ActivityPub Perkeep Uploader

This tool takes JSON-LD files with ActivityStreams data, such as those found in Mastodon data takeouts, and puts them in a Perkeep (formerly known as Camlistore) server.

The goal is to represent ActivityStream objects, such as a Note inside the Perkeep store, much the same way that Twitter tweets can be imported using the importer included with Perkeep.

Notes and warnings

This tool targets Mastodon data takeouts. ActivityStreams and ActivityPub are standards, which means that the tool may also be able to process data acquired elsewhere, but some missing features may make that impossible—for example, files are not fetched from remote URLs. This tool is not a full ActivityPub client, nor is it a Perkeep importer (in that it is not part of the Perkeep daemon).

Deleting things out of Perkeep is currently rather difficult. This includes any data this tool puts in Perkeep. Please keep this in mind when using it.

As the program issues requests synchronously, and has to sign a large amount of blobs, it can take a while to process a large amount of notes. It will skip already existing permanodes, and so can be reran after interruptions.

How to

Installation

Dependencies can be downloaded with Pipenv.

$ pipenv install 

If you do not use Pipenv, you can use the supplied requirements.txt with Pip as usual (perhaps activating your own virtualenv beforehand):

$ pip install -r requirements.txt 

Usage

If your data takeout is in an archive (like Mastodon's is), you will need to extract it somewhere. Then, invoke upload_dump.py and point it at the directory and the Perkeep server. You can do it via Pipenv:

$ pipenv run upload_dump --directory path/to/extracted/archive http://localhost:3179

Without Pipenv, use python3 upload_dump.py instead.

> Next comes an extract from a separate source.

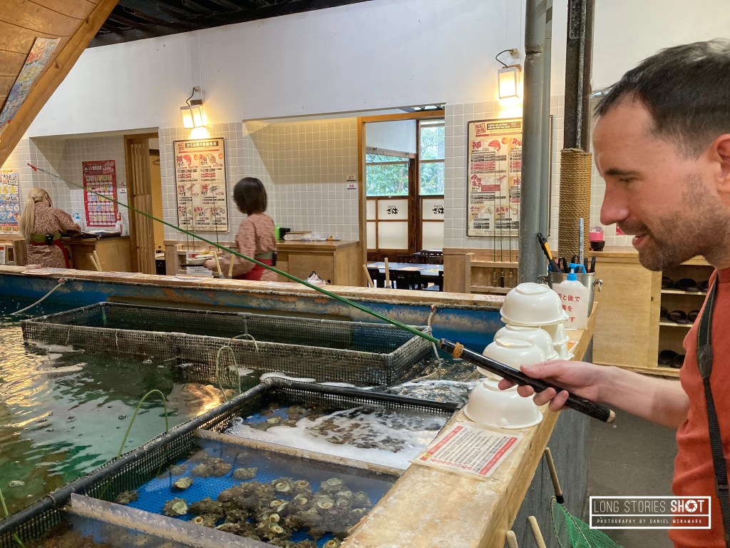 The following day we headed to Zaou in Shinjuku. Zaou is a seafood restaurant in which you have to catch your own fish. The restaurant is on a boat and you take a fishing rod and choose the fish you want to eat for lunch by catching it. I wanted some Horse Mackrel sushi and sashimi… turns out that the Horse Mackrel is a feisty little sea creature and didn’t want to take the bait despite the best efforts of an 8 year old Japanese boy giving me tips! Luckily for me I love prawns and they were a bit easier to catch so we requested them to be cooked tempura style.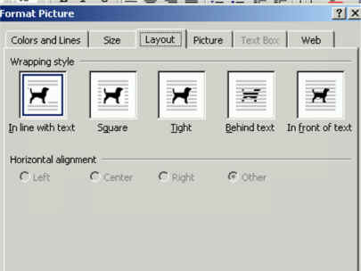 | Choose the Layout Tab. | Usually ClipArt will start with "In line with text" which means that your clip will be inline with the letters you type from the keyboard. A common wrapping for text documents is Square. |

If you do not supply an --actor, the program will try to find one. The Mastodon takeout contains only one actor node, so it should be found easily. You can also supply -v for more verbose logging to stdout.

Schema

Each Create activity with a Note object gets a permanode with the following attributes:

  • asId: the id field of the activity
  • asObjectId: the id of the object the activity created
  • asActor: the id of the Actor responsible for this activity
  • camliPath:object: blobref of the ActivityStreams JSON, with both the activity and the object. This is the JSON directly, not a Perkeep schema node.
  • camliPath:attachmentN: where N is replaced by a 0-indexed, non-padded number. These are the attachments to the Note object, in the same order as in the attachments array in the ActivityStreams JSON.
  • content: the content of the note. Summary and content fields are concatenated here.
  • startDate: set to the time stamp for the activity
  • camliType: set to ActivityStreams:Create:Note

License

The source files in this project is available under the ISC license. For full text, see LICENSE.